Fujitsu Technology May Reduce Switches in Supercomputers

Company researchers have created a new mesh topography and communications algorithm that could cut the number of switches in clusters by 40 percent.

data center

Fujitsu Laboratories researchers say they have found a way to reduce the number of network switches in cluster supercomputers by as much as 40 percent without impacting performance.

The company has created a new communications algorithm designed to more efficiently control transmission sequences that, when combined with a multilayer full mesh topography, helps reduce the number of "data collisions" and reduce the number of bottlenecks in the networks, officials said.
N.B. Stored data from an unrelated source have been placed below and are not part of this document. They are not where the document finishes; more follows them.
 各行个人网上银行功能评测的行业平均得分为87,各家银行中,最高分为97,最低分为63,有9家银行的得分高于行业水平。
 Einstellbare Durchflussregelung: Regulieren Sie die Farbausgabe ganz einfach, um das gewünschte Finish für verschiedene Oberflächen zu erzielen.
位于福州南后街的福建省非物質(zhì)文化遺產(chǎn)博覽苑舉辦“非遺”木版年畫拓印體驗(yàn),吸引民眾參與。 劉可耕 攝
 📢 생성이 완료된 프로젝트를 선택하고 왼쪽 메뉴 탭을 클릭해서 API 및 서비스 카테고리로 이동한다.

The result is that supercomputer clusters with the new topology use switch ports more efficiently than current designs and need 40 percent fewer switches to reach the same performance level, which would mean reduced costs for capital and operational expenses and greater energy efficiency.
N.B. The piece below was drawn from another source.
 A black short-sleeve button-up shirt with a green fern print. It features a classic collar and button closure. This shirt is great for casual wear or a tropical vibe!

Currently, such supercomputer clusters—which comprise multiple servers connected by high-performance networks—use what researchers call a three-layer "fat tree" network topology, where tiers are created based on the number and kinds of servers being connected, with redundancy of paths that connect the switches leading to fast network performance, according to Fujitsu. As an example, researchers said a supercomputer cluster with 6,000 servers would need 800 switches—each of which has 36 ports—to connect them.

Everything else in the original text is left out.